Integrating $ \int\limits_{-\infty }^\infty {{\mathrm e^{\mathrm i\omega t}}\mathrm d\omega } = 2\pi\, \delta(t) $

Question

$\int\limits_{-\infty}^\infty {{e^{i\omega t}}d\omega} = 2\pi \delta \left( t \right)$ is generally accepted.

But

Integrate[E^(I w t), {w, -\[Infinity], \[Infinity]}, 
 Assumptions -> t \[Element] Reals]

gives

Integrate::idiv: Integral of E^(I t w) does not converge on {-[Infinity],[Infinity]}.

and

Integrate[E^(I w t), {w, -\[Infinity], \[Infinity]}, 
 PrincipalValue -> True, Assumptions -> t \[Element] Reals]

gives 0

So is it possible to get the correct delta function result?

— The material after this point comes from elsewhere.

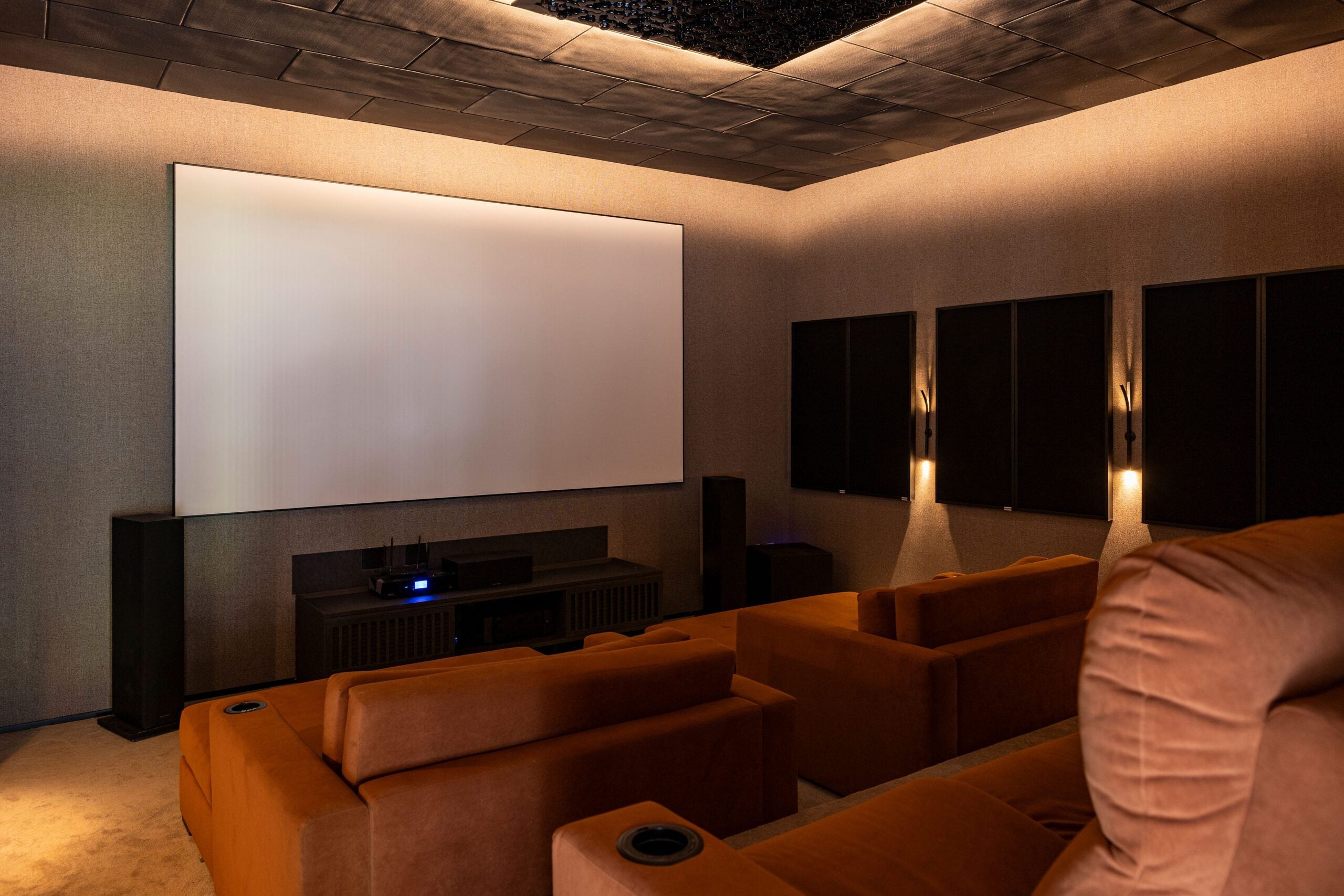 A ampliação da residência trouxe novos espaços sem romper com a linguagem estética original. Um cinema residencial com tratamento acústico proporciona experiências imersivas de entretenimento, enquanto um escritório anexo foi planejado para atender às demandas do home office com ergonomia e isolamento adequados.

Documentation pages of DiracDelta say: "Integrate never gives DiracDelta as an integral of smooth functions:... FourierTransform can give DiracDelta", there are appropriate examples, as well. — Artes, Jan 10 '18 at 0:44
Duplicate: mathematica.stackexchange.com/questions/110263/… — Michael E2, Dec 27 '18 at 16:23

m0nhawk · Accepted Answer · 2018-01-10 09:39:36Z

10

(updated to use FourierTransform correctly)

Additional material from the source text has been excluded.